FPKM tracking files = shows abundance in terms of Fragments Per Kilobase of exon model per Million mapped fragments (FPKM) for each sample (0..n). Each row represents the values for the object in the first column.

read group tracking files = show unscaled estimate of fragments originating from the object in the first column as well as FPKM.

count tracking files = show externally scaled estimate of fragments originating from the object in the first column. These values can not be used as input for count based differential expression packages like DeSeq and EdgeR because they are not raw counts.

differential expression test files = show the results of testing for differential expression between FPKM values for the object in the first column.

###Explore your output:

  1. Open your "~/test_git/human19_prinseq" directory. View your the "raw" and "cleaned" .gd file by uploading these to http://edwards.sdsu.edu/cgi-bin/prinseq/prinseq.cgi?report=1. Learn how to download files from Beocat at https://github.com/i5K-KINBRE-script-share/FAQ/blob/master/BeocatEditingTransferingFiles.md. Evaluate read quality pre and post cleaning metrics. Which graphs changed after cleaning? Why would we want these values to change?

  2. Open your "~/test_git/diff" directory. Take a moment to explore a differential expression file. Find an object that is estimated to be differetially expressed and report each columns' value for that object and interpret the result.
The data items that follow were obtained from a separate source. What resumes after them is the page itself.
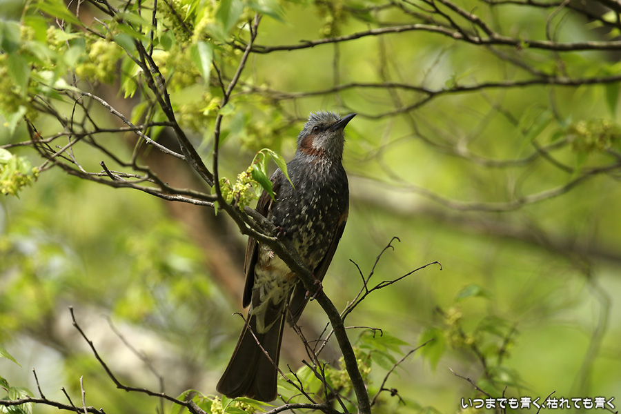 キリシマツツジを見に行った帰りに立ち寄った愛知県緑化センター。裸木ばかりだった冬とは見違えるような緑。鳥たちは、虫を探して食べるのに夢中でした。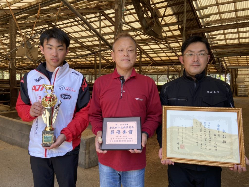 全国畜産農業協同組合連合会は3月19日、鹿児島県志布志市の(株)サンキョーミートで第11回全畜連都城和牛枝肉共励会を開催しました。これは、都城和牛の銘柄確立と肉質の改善、肥育技術の向上を目的としたもので、今回は全17頭の枝肉が出品。JA都城高崎支所の轟木政昭さん出品の枝肉が最優秀賞に選ばれました。
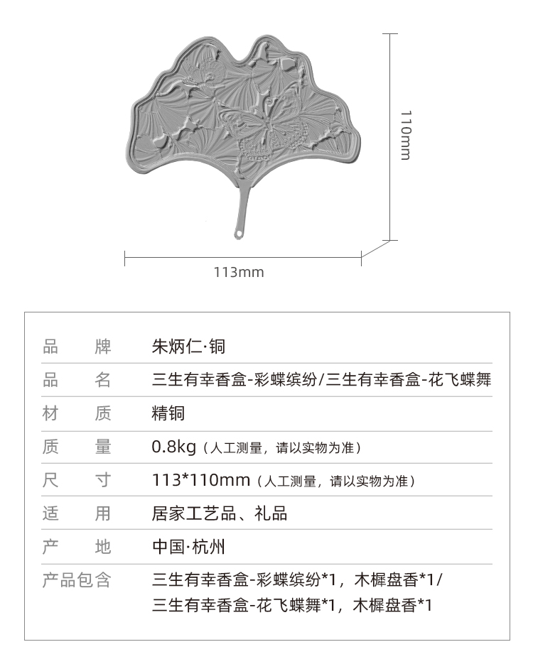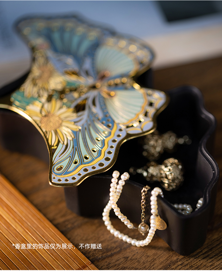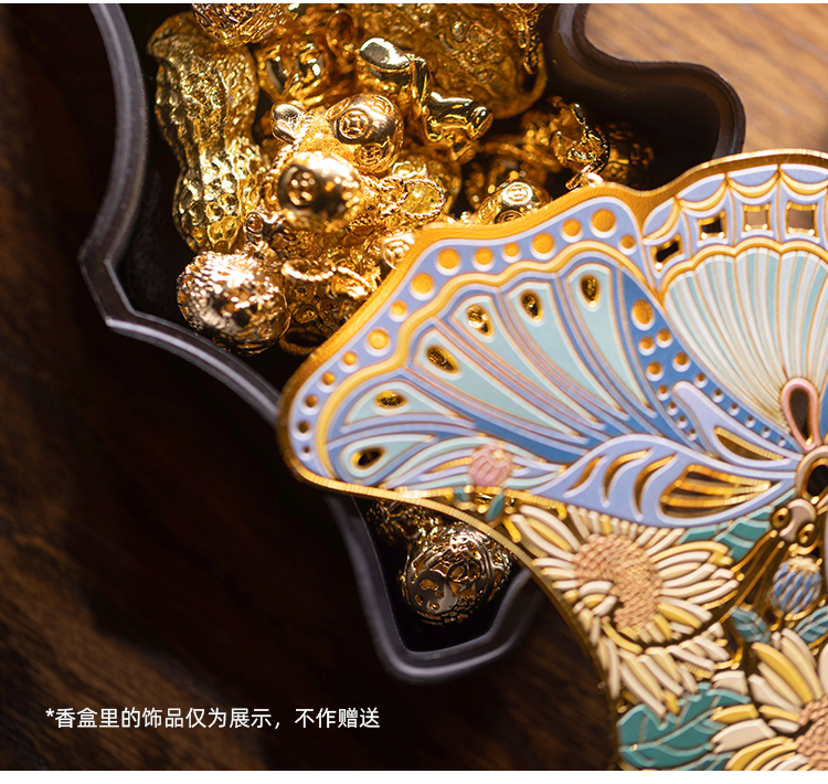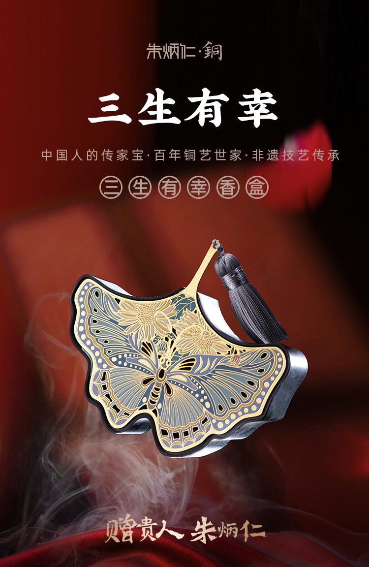 近日,朱炳仁·铜推出了两款三生有幸香盒,一款叫花飞蝶舞,一款叫蝶彩缤纷,分别选取了银杏和蝴蝶的元素。

  3. Customize your copy of one template file with "_template" in the filename to change a parameter when you either clean with prinseq or use the tuxedo scripts. You have now run the following programs on Beocat: prinseq-lite.pl, tophat2, cufflinks, cuffdiff. You can find a full list of possible parameters for any of these by typing one of the following:

     perl /homes/sheltonj/abjc/prinseq-lite-0.20.3/prinseq-lite.pl -h
     /homes/bjsco/bin/tophat2 -h
     /homes/bjsco/bin/cufflinks
     /homes/bjsco/bin/cuffdiff
    

Pick a new parameter from one of these lists and customize your own pipeline by finding a filename that starts with the name of the program you choose and ends with _template.txt. Look in the ~/RNA-Seq-annotation-and-comparison/KSU_bioinfo_lab/RNA-SeqAlign2Ref/ directory to find the template script.

Open this in a text editor using Cyberduck https://github.com/i5K-KINBRE-script-share/FAQ/blob/master/BeocatEditingTransferingFiles.md. Find the line with that command (e.g. searching for /homes/sheltonj/abjc/prinseq-lite-0.20.3/prinseq-lite.pl), and edit this line by adding your new parameter or changing the current value.

For example, I find Prinseq_template.txt and I can change the maximum number of N's allowed in a read by changing this:

perl /homes/sheltonj/abjc/prinseq-lite-0.20.3/prinseq-lite.pl -verbose -fastq $r1[$file] -fastq2 $r2[$file] -min_len $min_len -min_qual_mean 25 -trim_qual_type mean -trim_qual_rule lt -trim_qual_window 2 -trim_qual_step 1 -trim_qual_left 20 -trim_qual_right 20 -ns_max_p 1 -trim_ns_left 5 -trim_ns_right 5 -lc_method entropy -lc_threshold 70 -out_format 3 -no_qual_header -log ${home}/${project_name}_prinseq/${filename}_paired.log\ -graph_data ${home}/${project_name}_prinseq/${filename}_raw.gd -out_good ${home}/${filename}_good -out_bad ${home}/${filename}_bad

To this:

perl /homes/sheltonj/abjc/prinseq-lite-0.20.3/prinseq-lite.pl -verbose -fastq $r1[$file] -fastq2 $r2[$file] -min_len $min_len -min_qual_mean 25 -trim_qual_type mean -trim_qual_rule lt -trim_qual_window 2 -trim_qual_step 1 -trim_qual_left 20 -trim_qual_right 20 -ns_max_p 10 -trim_ns_left 5 -trim_ns_right 5 -lc_method entropy -lc_threshold 70 -out_format 3 -no_qual_header -log ${home}/${project_name}_prinseq/${filename}_paired.log\ -graph_data ${home}/${project_name}_prinseq/${filename}_raw.gd -out_good ${home}/${filename}_good -out_bad ${home}/${filename}_bad

If my total number of N's allowed increases I do increase the risk of counting an incorrect alignment but I also increase the sensitivity of my experiment by including more reads.

Describe the pros and cons of the parameter change that you made when customizing you script.

  1. Explore the various qsub commands for the read cleaning, indexing, mapping and differential expression testing steps by running head ~/test_git/human19_qsubs/*. Which steps can run on multiple cores?